Литмир - Электронная Библиотека
Содержание  
A
A

Клеменс Мерк покачал головой, поскольку у него опять слетело с языка: «Будапешт»… будто это и есть таинственная Страна лентяев. Но так всегда бывает во время горячего завтрака, смысл которого как раз и заключается в том, что мысли твои блуждают неведомо где… Он окунул хлеб в подливу и постарался, чтобы ни капли не упало рядом с тарелкой, на письменный стол. Из-за своей кулинарной причуды он мало-помалу превращается в динозавра. Выходит, и этим тоже он обязан своему образцу для подражания, Штюрцли.

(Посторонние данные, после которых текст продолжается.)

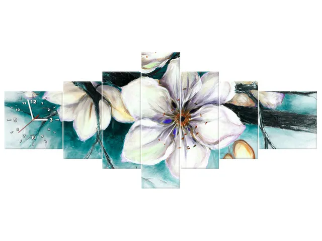 Úvod » Obrazy » Obrazy s hodinami » Obraz na stenu Puky višne tyrkysovej farby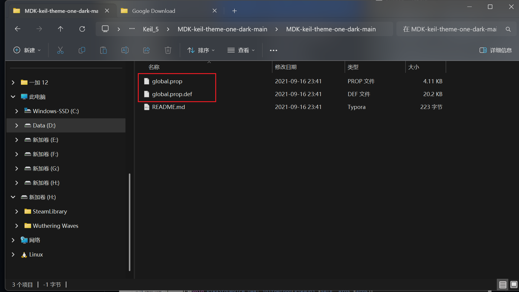 项目下载完成后解压即可在文件夹中看到三个文件,此时我们复制前两个文件

— Мясо было достаточно горячим? — Эта Безенфельдт поздно опомнилась. Он уже почти покончил с едой и может не отвечать на глупый вопрос. Через распахнутую в предбанник дверь он видит, как секретарша, очистив яблоко от кожуры, вытирает руки. Фрукты — более здоровая пища. Теперь его помощница грызет печенье «Лейбниц». Сухое, как пыль. На спинке ее стула сегодня висит зонтик с длинной ручкой, чтобы опираться на него при ходьбе. Но большую часть работы она в любом случае выполняет в сидячем положении. В «Бюро находок», богатом разнообразным содержимым, где хранятся забытые их постояльцами вещи, сотрудники пытались найти для нее какую-нибудь клюку. Напрасно. Если уж кто приковылял в вестибюль отеля с такой опорой, при выезде он ее не забудет. Хотя случалось, что при уборке номеров находили даже свидетельство о браке… и потом приходилось посылать его вслед уехавшему экспресс-почтой.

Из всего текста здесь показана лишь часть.